The mitral valve was replaced by 25 mechanic mitral valve (Sorin, Biomedica Cardio, Saluggia, Italia) and quadruplet CABG operation was performed by routine surgical procedure (cross-clamp time 124 min, cardio-pulmonary bypass time 288 min). After removal cross clamps, inotropic support with 5-10 µgkg ^-1 dobutamine and dopamine was initiated as inotropic support to the patient undergoing cardiopulmonary bypass. Cardiac pacemaker was implanted to the patient with a cardiac rhythm as A-V block, heart rate 32 beats.min ^-1 . Anastomoses were performed under cardiopulmonary bypass. Intra-aortic balloon pump was administered to the patient failing hemodynamic improvement (heart rate 125 beats.min ^-1 , systolic artery pressure 40 mmHg, PAP 45 mmHg). The patient was weaned off the cardiopulmonary bypass about 30 minutes after this treatment support but hypotension and bradycardia developed within 10 minutes and the patient underwent the cardiopulmonary bypass again. Despite this supportive treatment we added adrenaline infusion at 0.3 µg.kg ^-1 .min as a next step. Despite this supportive treatment, the patient failed to be achieve adequate hemodynamic stability to wean from cardiopulmonary bypass (heart rate 115 beats.min ^-1 , systolic artery pressure 50 mmHg, PAP 25 mmHg). Levosimendan was administered as a loading dose of 12 µg.kg ^-1 and as a continuous infusion of 0.1 µg.kg ^-1 .min 10 minutes later. The patient was weaned off the cardiopulmonary bypass 40 minutes after the start of levosimendan treatment and remained stable until the end of surgery. Levosimendan infusion was maintained for 24 hours postoperatively. Acute renal failure developed on the second day postoperatively in the ICU and hemofiltration procedure was performed. The patient was died of multiorgan failure after 13 days postoperatively.

Discussion

Difficulty of weaning off the cardiopulmonary bypass due to postcardiotomy heart failure is a serious problem in cardiac surgeries (₃,₄,₅). In heart surgery, it was found that inotropic drugs were needed in 71 to 100% of cases with ejection fraction (EF) less than 46% in order to be weaned off the cardiopulmonary bypass (₆). In addition to pharmacotherapy, the use of intra-aortic balloon pump, and delayed sternum closure is suggested in some studies to support circulation (₇).
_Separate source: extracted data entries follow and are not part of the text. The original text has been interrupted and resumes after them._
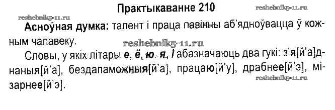 Готовая домашняя работа с ответами по Белорусскому языку за 5 класс Красней, Несцяровіч, Васюковіч, Лаурель Учебник Часть 1, 2 Национальный институт образования 2014 ФГОС - Часть 1. Практыкаванні 210
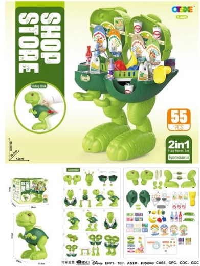 Snadno přeměníte dinosaura v obchod, poskytující dvojí zábavu a vzdělání. Děti si mohou hrát s dinosaury a současně vytvářet nákupy v malém obchodě.
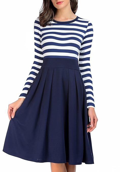 $19.99 $32 AAMILIFE Stripe Scoop Neck Short 3/4 Long Sleeve Vintage Womens Swing Dresses
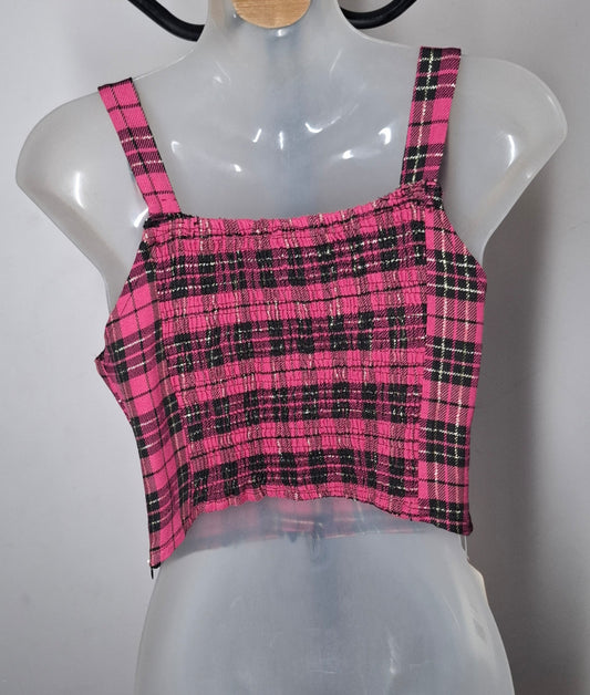 Size 10 - Pink & Black Plaid Lace Up Buckle Crop Top - Brand New With Tags
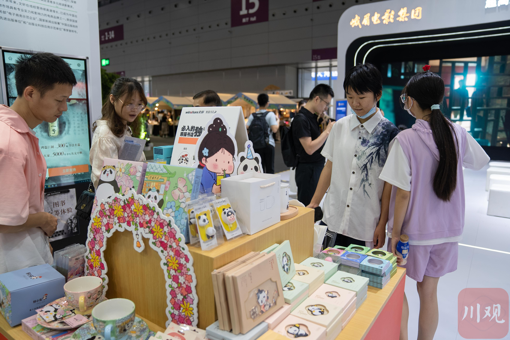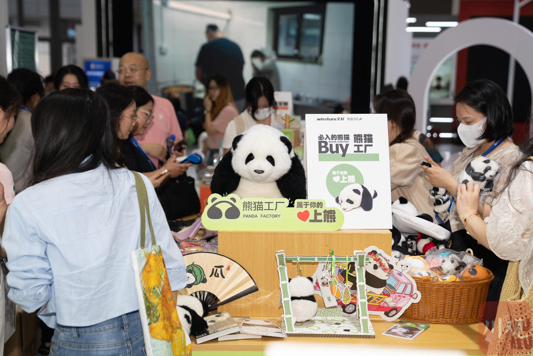 “我们有实体熊猫书店在成都,欢迎大家到成都来打卡参观。”展区工作人员梁凌一边介绍备受观众青睐的熊猫文创展品,一边发出热情邀请。
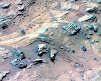 Pasadena CA (SPX) Oct 31, 2007 Spirit is healthy and continues to investigate "Home Plate." After completing extensive studies of "Site 3" using the Moessbauer spectrometer and other instruments, the rover proceeded toward "Site 4." Meanwhile, it's already time for Spirit to start thinking about winter again. Over the coming weekend, the rover was scheduled to acquire long-baseline stereo images of Home Plate and surrounding areas in search of a safe winter haven. The grinding encoder on Spirit's rock abrasion tool appears to have suffered the same fate as that of Spirit's twin, Opportunity, on the other side of Mars. An investigation is under way, but all indications are that activities using the rock abrasion tool will now require two Martian days, or sols. On sol 1346 (Oct. 16, 2007), Spirit drove approximately 10 meters (33 feet) toward Site 4 and added another 12 meters (39 feet) of driving on sol 1347 (Oct. 17, 2007). In addition to receiving morning instructions directly from Earth via the high-gain antenna, returning data in the evening at UHF frequencies via the Odyssey orbiter, measuring atmospheric dust levels (known as tau measurements) with the panoramic camera, and surveying the sky and ground with the miniature thermal emission spectrometer, Spirit completed the following activities: Sol 1343 (Oct. 13, 2007): Spirit restarted the Moessbauer spectrometer and collected data for 22 hours with the instrument from a target called "Humboldt Peak." The rover acquired remote data from a rock target known as "Mt. Eolus" with the miniature thermal emission spectrometer and a 6-by-1 image mosaic with the panoramic camera. Sol 1344: Spirit restarted the Moessbauer spectrometer and resumed data collection from Humboldt Peak for 23 hours. The rover acquired spot images of the sky and a 4-by-1 image mosaic with the panoramic camera and collected remote data from a rock known as "Pikes Peak" using the miniature thermal emission spectrometer. Sol 1345: Spirit resumed collecting Moessbauer data from Humboldt Peak for another 23 hours. The rover acquired remote data from a target dubbed "Mt. Sneffels" with the miniature thermal emission spectrometer and spot images of the sky with the panoramic camera. Spirit monitored dust on the rover mast assembly. Sol 1346: Spirit ran tests on the rock abrasion tool and stowed the robotic arm before taking pre-drive images with the panoramic camera and driving about 10 meters (33 feet) toward Site 4 on Home Plate. The rover acquired a 5-by-1, post-drive image mosaic with the navigation camera as well as a 4-by-1 mosaic with the panoramic camera. The rover took spot images of the sky and foreground images with the panoramic camera. Sol 1347 (Oct. 17, 2007): Spirit conducted a pre-drive survey of the rover's surroundings with the panoramic camera and drove another 12 meters (39 feet) toward Home Plate Site 4. The rover acquired a 7-by-1, post-drive image mosaic with the navigation camera. Spirit also took images of dust in the sky, conducted a survey of rock clasts, and acquired images of a rock target called "Conundrum Peak" using the panoramic camera. Odometry: As of sol 1347 (Oct. 17, 2007), Spirit's total odometry was 7,286 meters (4.5 miles). Community Email This Article Comment On This Article Related Links Mars News and Information at MarsDaily.com Lunar Dreams and more

Both β-adrenergic agonists and phosphodiesterase inhibitors increase intracellular cyclic adenosine monophosphate, either via an increase in production (β-adrenergic agonists) or by inhibiting degradation (phosphodiesterase inhibitors). The available data on use of dopamine, dobutamine, and dopexamine in the postcardiac surgery period show that they produce an increase in cardiac output. However, there is an increase in myocardial oxygen requirement and an increased risk for postoperative myocardial infarction (₈,₉,₁₀). Despite the dopamine, dobutamine and adrenalin support, failure in weaning off CPB led to the usage of intraaortic baloon pump in both two cases with low ejection fraction. In these cases, we couldn't use noradrenaline and milrinon because we didn't have these drugs so we had to use levosimendan although it's expensive and restricted.

Levosimendan is a novel inotropic agent having a different pharmacological profile. It provides good cardiac performance without causing an increased myocardial oxygen demand or any change in myocardial metabolism (₁₁).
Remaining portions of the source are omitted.